§ Work to be completed: A complete answer lists every line of the entries below where the string "данни" appears.

§ Records for this task:
.....

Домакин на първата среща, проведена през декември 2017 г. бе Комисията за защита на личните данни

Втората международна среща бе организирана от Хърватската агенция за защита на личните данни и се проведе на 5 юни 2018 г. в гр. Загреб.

.....

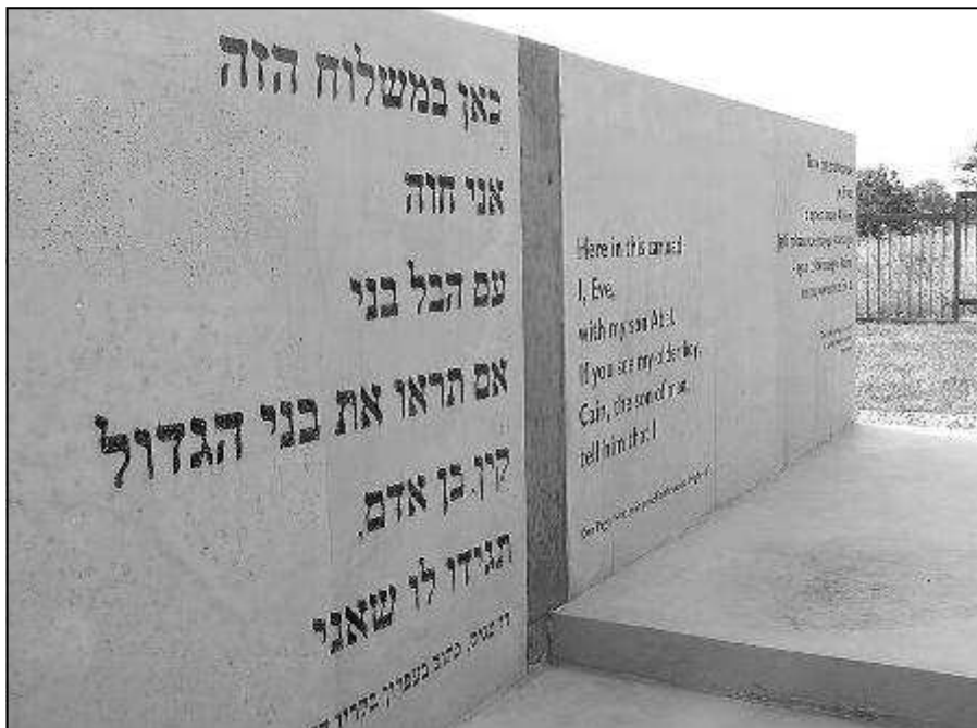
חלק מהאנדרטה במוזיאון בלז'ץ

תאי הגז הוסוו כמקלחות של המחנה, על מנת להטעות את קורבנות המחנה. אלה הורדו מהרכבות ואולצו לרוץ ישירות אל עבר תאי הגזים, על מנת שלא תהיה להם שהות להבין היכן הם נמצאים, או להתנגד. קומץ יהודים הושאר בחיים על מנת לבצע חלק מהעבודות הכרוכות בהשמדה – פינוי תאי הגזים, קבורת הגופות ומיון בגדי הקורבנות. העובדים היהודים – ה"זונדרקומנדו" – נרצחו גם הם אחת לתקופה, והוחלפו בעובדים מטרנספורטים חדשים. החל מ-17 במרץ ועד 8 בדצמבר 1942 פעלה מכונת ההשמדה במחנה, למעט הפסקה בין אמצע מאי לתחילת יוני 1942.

.....

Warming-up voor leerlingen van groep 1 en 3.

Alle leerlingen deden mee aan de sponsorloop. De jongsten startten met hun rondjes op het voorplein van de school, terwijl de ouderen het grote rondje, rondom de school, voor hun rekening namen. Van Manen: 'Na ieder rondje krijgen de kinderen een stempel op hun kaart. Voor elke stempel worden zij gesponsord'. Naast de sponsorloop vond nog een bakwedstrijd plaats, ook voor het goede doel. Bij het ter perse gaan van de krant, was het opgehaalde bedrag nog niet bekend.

.....

§ Answer space:
Домакин на първата среща, проведена през декември 2017 г. бе Комисията за защита на личните данни
Втората международна среща бе организирана от Хърватската агенция за защита на личните данни и се проведе на 5 юни 2018 г. в гр. Загреб.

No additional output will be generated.